Friday, January 8, 2010

On Settling

The New Year prompts us to take stock, however arbitrarily. Sometimes, but not more than I can help it, I think about my career. When I was little I assumed, against all evidence, that one day I would be beautiful, just as my mother and grandmother were. Never mind that I didn't have my grandmother's symmetry of feature or the elegant, modern lines that nabbed my mother a series of high-profile 70s boyfriends. I just assumed it would happen, like it was my due. I might be ugly, I would think as a teenager, but by golly, one day I'll be a beauty. And then one day I realized that I would never be beautiful, and that I was in fact on the plain side of average. The acceptance of this fact was somehow liberating, and I've long since come to a similar realization about my professional life.
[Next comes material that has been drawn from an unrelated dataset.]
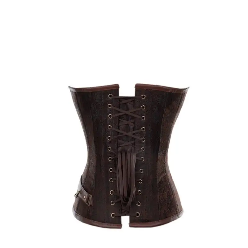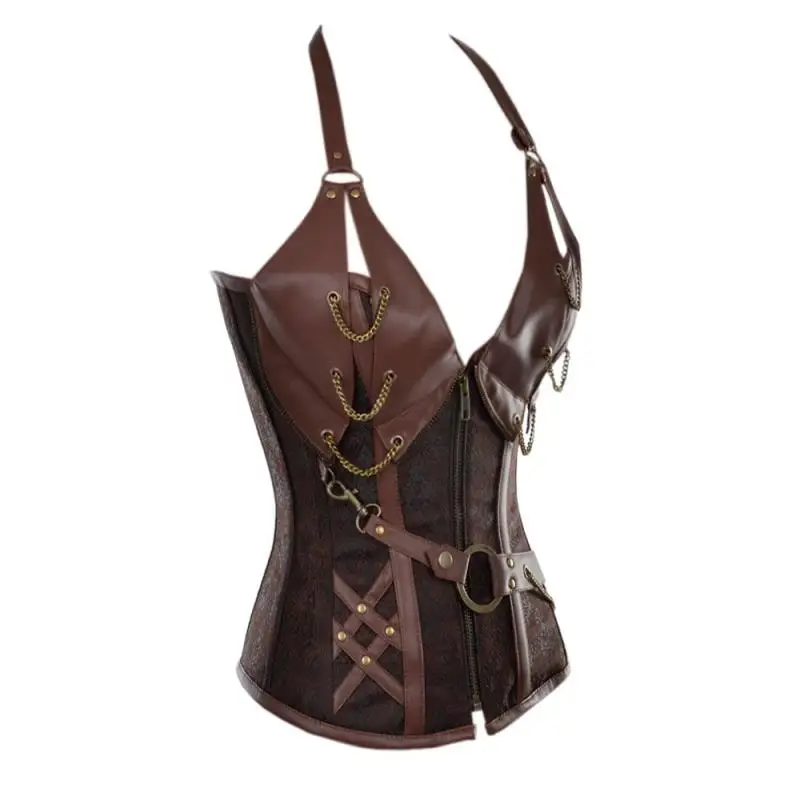 Retro Bustiers Corsets 14 Steel Bone Steampunk Burlesque Black Brown Leather Halter Bustiers Corset

When you're young and precocious and doted upon, you assume the world will inevitably understand this, too, and you'll play some major role in the proceedings. But then adulthood strikes and, quite apart from any question of talent, one needs to be realistic about one's capabilities. I can turn a phrase and write quickly, but I've come to understand, probably since college, that I won't ever be really successful in the professional sense: I am not good enough, for starters, but I also don't have the drive to overcome that. And, worst, I'm content to be that way. I realized as soon as I took my current job that, while I could do a workmanlike job, I'd never really distinguish myself: I was too soft, and too mindful of my own psychological self-preservation to really commit to it or become a strong voice, and that was a compromise I was willing to make. I'm not really proud of it, but there you are.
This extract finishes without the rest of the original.